We also ran Triangle without choosing the first move ("22"); this run produces 1550 solutions, half of them mirror images of the other half. However, this run took only 0.12=0.07+0.05 seconds--less than twice as long as the normal run. The savings become clear when *table* is examined; after this run, *table* has 1651 entries, of which 190 are non-null, with an average list-length of about 2. The constructed winning lists use 9656 cons cells in addition to the 1550 cells required for the list of winning lists. Thus, we can generate all of the solutions to Triangle 120 times faster than the Cray-1 produces only half of them using the old algorithm.

E. RESULTS

The bit-vector and memoizing optimizations improve Triangle by more than two orders of magnitude. With but a day's work on the 40MHz 80860-based OKIstation, we achieved a Triangle time of 0.07 second, which is 206 X faster than the Cray-1 on the old benchmark. Although our version of Triangle uses a memo table implemented as a simple vector, this table requires 128Kbytes and is only 4% full, so a smaller true hash table might actually be faster so long as the entire table fits in the cache. Unfortunately, our reductions in memory utilization have destroyed the usefulness of this benchmark, because the memoized Triangle benchmark will fit entirely within the on-chip cache of the next generation microprocessors.

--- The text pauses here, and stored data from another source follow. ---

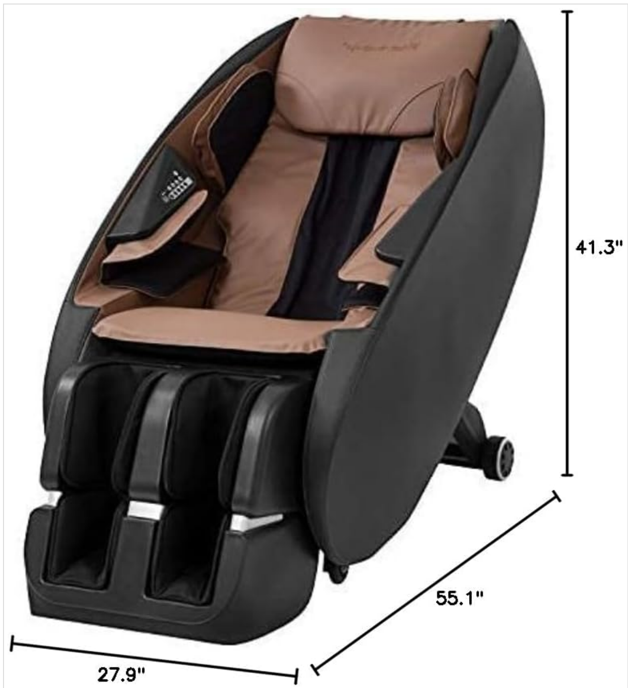
Figure 7: Product dimensions for planning placement.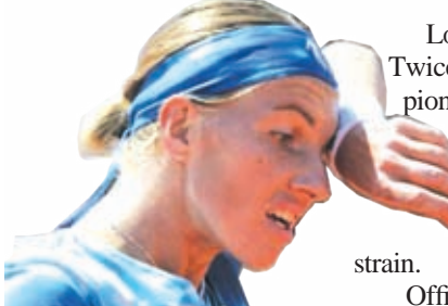
Svetlana Kuznetsova of Russia wipes her face during their women's singles quarter-final match against Serena Williams of the US at the French Open tennis tournament at the Roland Garros stadium in Paris on 4 June, 2013.

LONDON, 20 June—Twice grand slam champion Svetlana Kuznetsova pulled out of Wimbledon on Wednesday with an abdominal strain.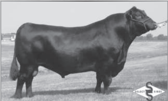
GAR PREDESTINED - His influence sells.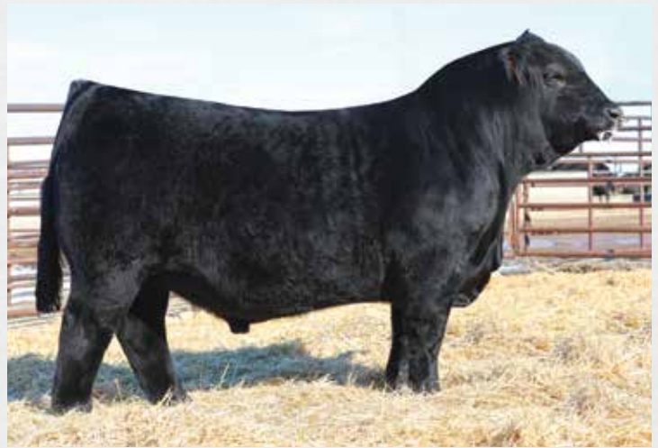
WULFS JOINT VENTURE G579J | Sire of Lot 12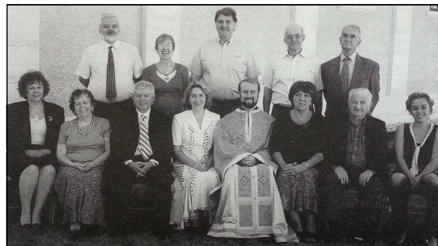
St. Mary's Parish Council - 2004

The success of memoization shows that almost all of the parallel processes in the parallel implementations of Triangle are performing identically the same computation, hence the Triangle benchmark is worthless for estimating parallelism in real (i.e., highly optimized) applications. In a sense, memoization is the most powerful of all parallel programming techniques, because one processor simulates the execution of many processes with a single execution!

F. REFERENCES

Anderson, J.Wayne, et al. "Implementing and Optimizing Lisp for the Cray". IEEE Software (July 1987),74-83.

[Baker90] Baker, H.G. "Efficient Implementation of Bit-vector Operations in Common Lisp". ACM Lisp Pointers 3,2-3-4 (April-June 1990), 8-22.

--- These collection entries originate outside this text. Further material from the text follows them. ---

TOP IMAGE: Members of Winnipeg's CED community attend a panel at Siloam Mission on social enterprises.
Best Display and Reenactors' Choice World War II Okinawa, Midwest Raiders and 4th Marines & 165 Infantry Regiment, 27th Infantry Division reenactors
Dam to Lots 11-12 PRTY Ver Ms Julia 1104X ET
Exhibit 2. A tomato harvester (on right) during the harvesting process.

Bird, R.S. "Tabulation Techniques for Recursive Programs". ACM Comp. Surv. 12,4 (Dec. 1980),403-417.

Gabriel, R.P. Performance and Evaluation of Lisp Systems. MIT Press, Camb., MA, 1985.

Keller, R.M., and Sleep, M.R. "Applicative Caching". ACM TOPLAS 8,1 (Jan. 1986),88-108.

[Steele90] Steele, Guy L. Common Lisp, The Language; 2nd Ed. Digital Press, Bedford, MA, 1990,1029p.

[1] Modern RISC architecture performance numbers are closing in on the Cray-1, and better Cray-1 numbers are available [Anderson87], but these do not invalidate our conclusions.